WORK REQUEST: A single stretch of the material below is to be transcribed exactly, starting at the line with "12月13日周五,上午8点多" and ending after the line with "Latest Stories Safra".

INPUT DATA:

★ ★ ★ ★

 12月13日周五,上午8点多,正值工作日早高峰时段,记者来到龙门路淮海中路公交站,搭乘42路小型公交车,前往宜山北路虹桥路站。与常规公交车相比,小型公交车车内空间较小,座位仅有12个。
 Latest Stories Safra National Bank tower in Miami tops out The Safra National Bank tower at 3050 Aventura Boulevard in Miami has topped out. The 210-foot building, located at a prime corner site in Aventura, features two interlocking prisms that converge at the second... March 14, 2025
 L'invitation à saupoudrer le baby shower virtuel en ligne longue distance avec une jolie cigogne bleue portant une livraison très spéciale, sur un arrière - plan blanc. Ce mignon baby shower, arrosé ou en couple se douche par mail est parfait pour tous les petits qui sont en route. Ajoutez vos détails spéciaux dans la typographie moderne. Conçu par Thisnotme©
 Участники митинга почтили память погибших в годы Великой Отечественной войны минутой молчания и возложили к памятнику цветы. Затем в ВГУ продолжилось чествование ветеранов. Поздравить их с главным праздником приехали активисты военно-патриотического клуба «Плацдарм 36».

★ ★ ★ ★

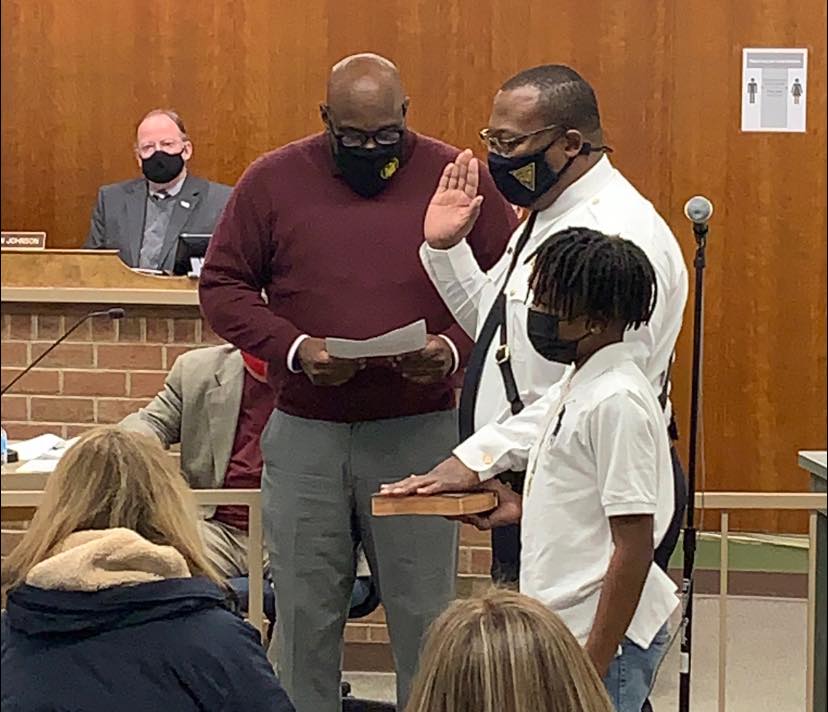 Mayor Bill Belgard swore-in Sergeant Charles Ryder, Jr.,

★ ★ ★ ★

ANSWER SECTION:
 12月13日周五,上午8点多,正值工作日早高峰时段,记者来到龙门路淮海中路公交站,搭乘42路小型公交车,前往宜山北路虹桥路站。与常规公交车相比,小型公交车车内空间较小,座位仅有12个。
 Latest Stories Safra National Bank tower in Miami tops out The Safra National Bank tower at 3050 Aventura Boulevard in Miami has topped out. The 210-foot building, located at a prime corner site in Aventura, features two interlocking prisms that converge at the second... March 14, 2025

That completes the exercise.